圣人素日里將太后看得那般要緊,但是見到太后失儀,反倒是笑起來了。
臨到回宮的時候,皇帝先一步回宮,鄭玉磬才叫那幾個被萬福領來的女子與還不知情的寧越相見,手中還拿了她們的憑證。
寧越見鄭玉磬心情這般好,但礙于身份也只能暗中妒忌,見到內侍監領了女子過來尚且是一頭霧水,等到那些穿戴整齊的女子走近些,他才驟然一驚,發覺這些人竟然是紫宸殿牢房里曾經見過的母親與姊妹。
喜氣襯人,皇帝大約是已經將她們送回來養了一段日子,變化驚人,與從前的蓬頭垢面大不相同,叫他有些不敢認了。
"寧越,這些可是你的家人么"鄭玉磬今晨尚且被皇帝折騰得有些狠了,索性半躺在美人榻上休息,"我從前不曾見過你家里的人,內侍監說是,你看看對不對"
別說她對慕容家的人沒什么印象,就算是有印象,這些年里她們的變化太大,鄭玉馨也根本認不出來。
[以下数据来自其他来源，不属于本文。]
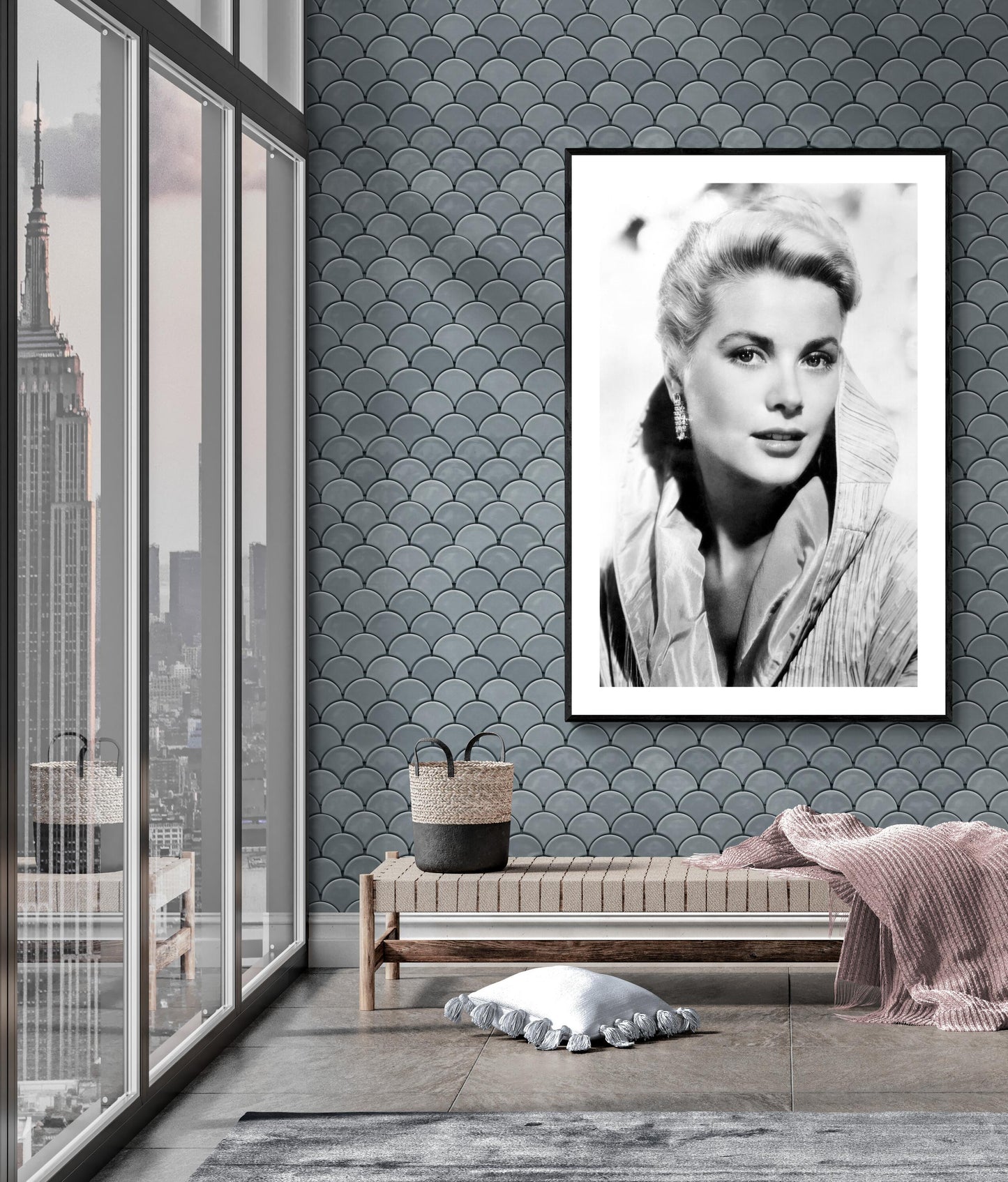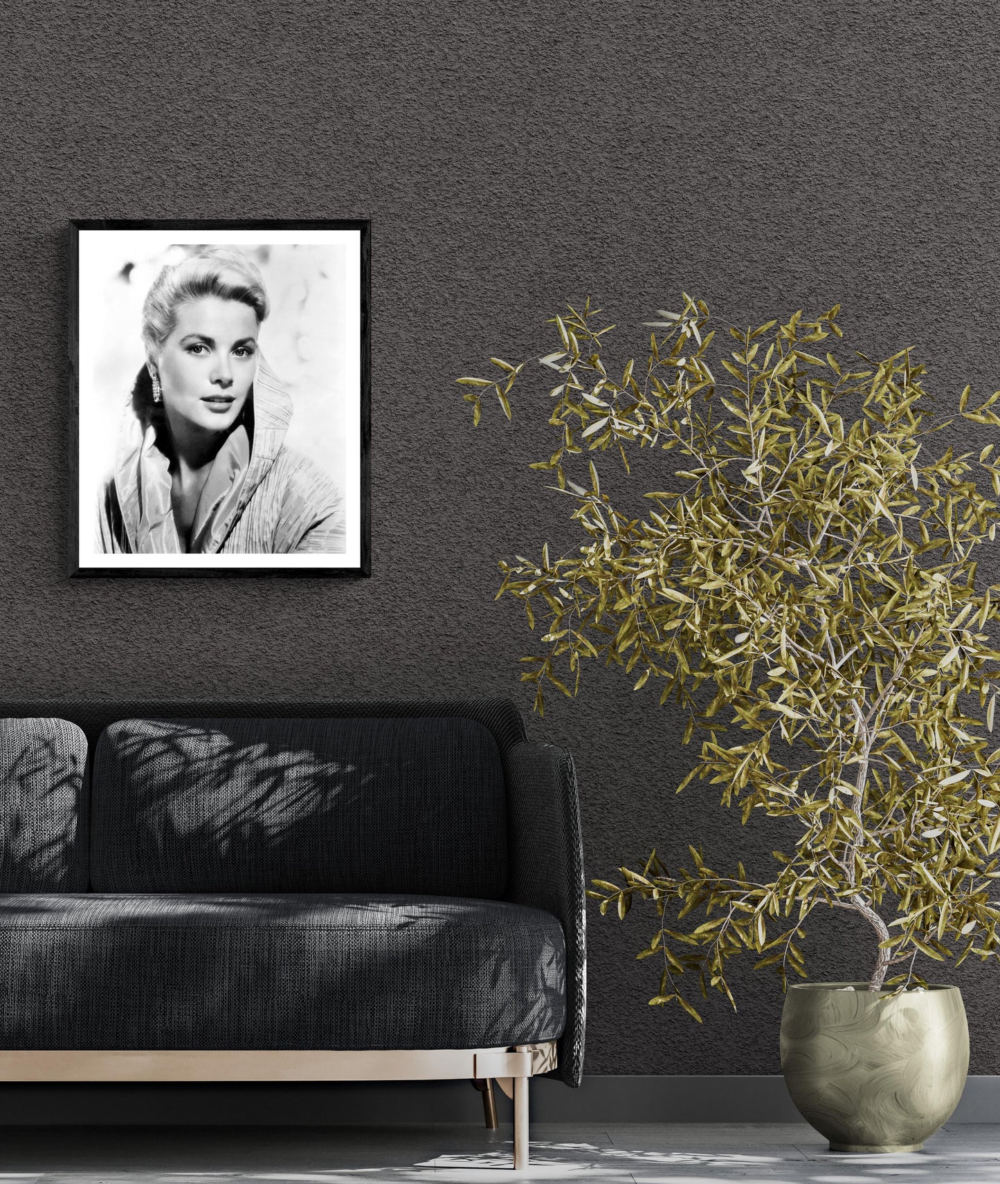 Ce portrait en noir et blanc présente l'actrice Grace Kelly dans un portrait élégant et époustouflant de la tête et des épaules, vers 1942.
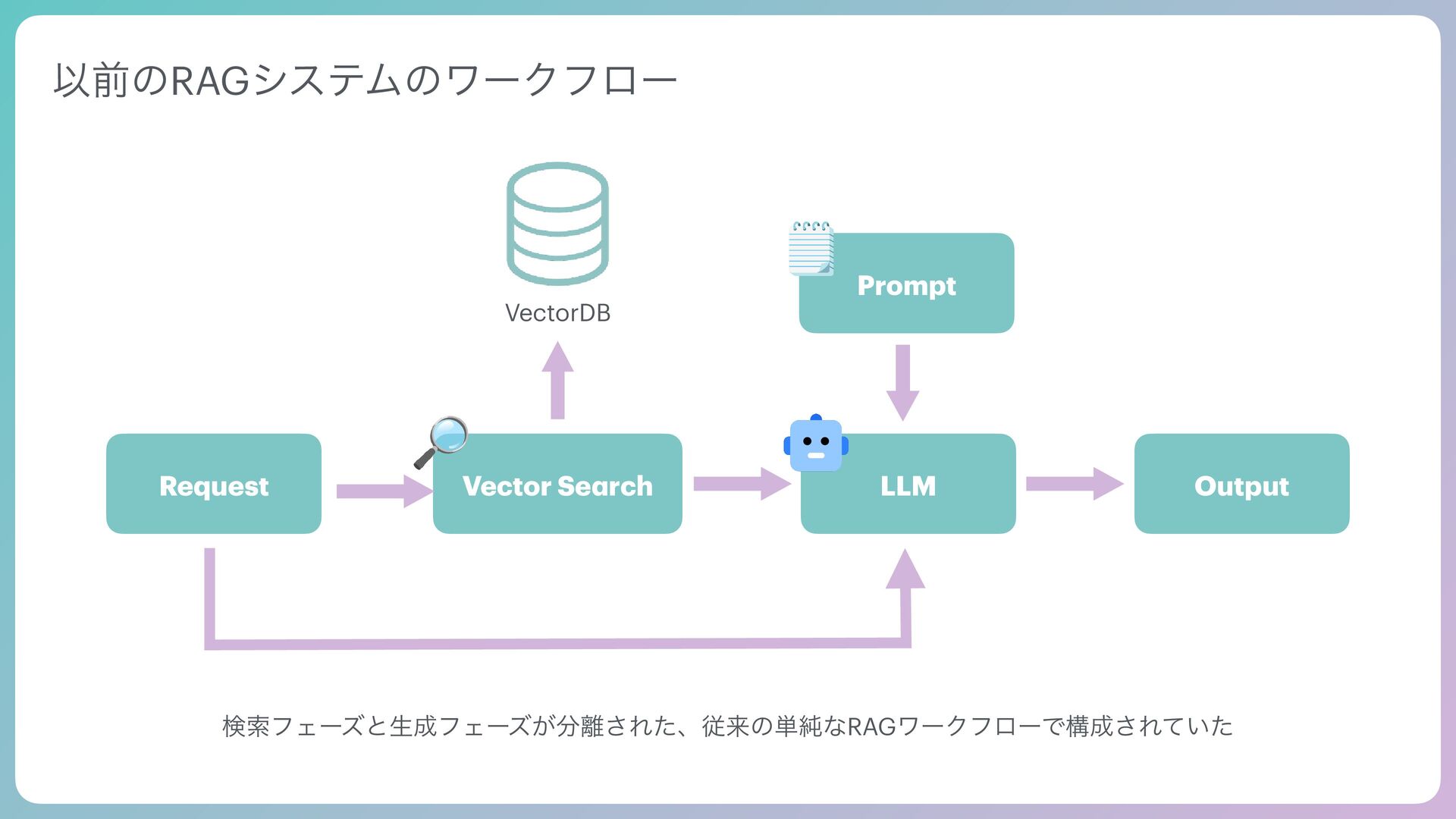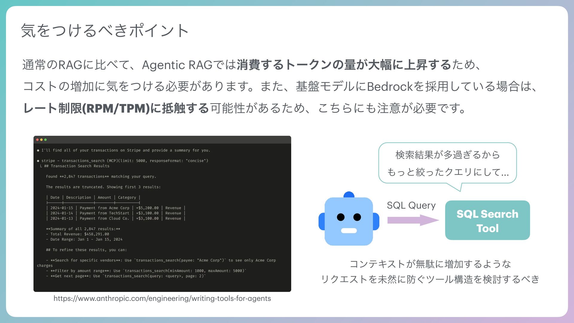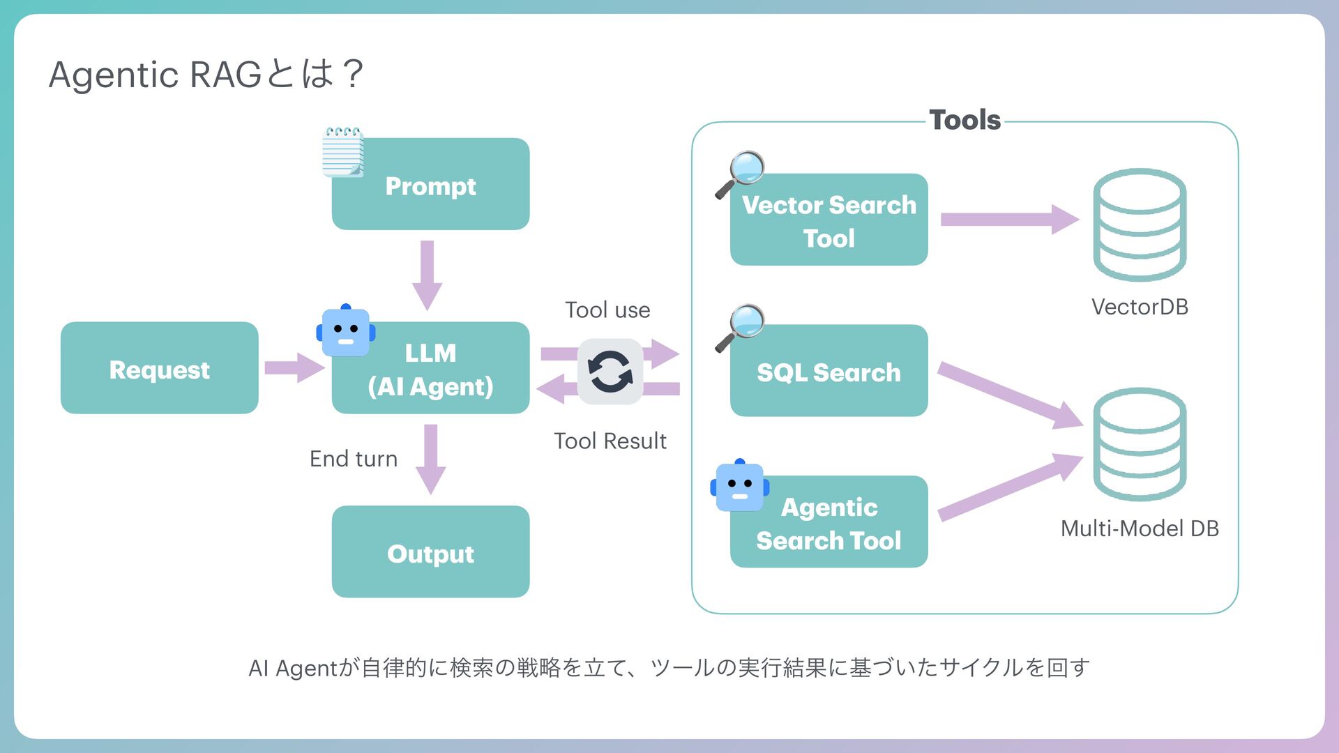 Tool Agentic Se a rch Tool SQL Se a rch Request Tool use Tool Result VectorDB Multi-Model DB Prompt Output End turn AI Agent͕ࣗతʹݕࡧͷઓུΛཱͯɺπʔϧͷ࣮ߦ݁Ռʹج͍ͮͨαΠΫϧΛճ͢

但是寧越卻是親眼見過那些換上整潔樸素衣物的女子從前的狼狽,他的眼睛幾乎瞬間盈滿了熱淚,紫色的內侍服上都沾染了淚痕,哽咽失聲。
而這些女子也如同驚弓之鳥一般,雖然礙于太后在場,不敢痛哭失聲,可是也一個個抬手去擦拭眼角淚痕。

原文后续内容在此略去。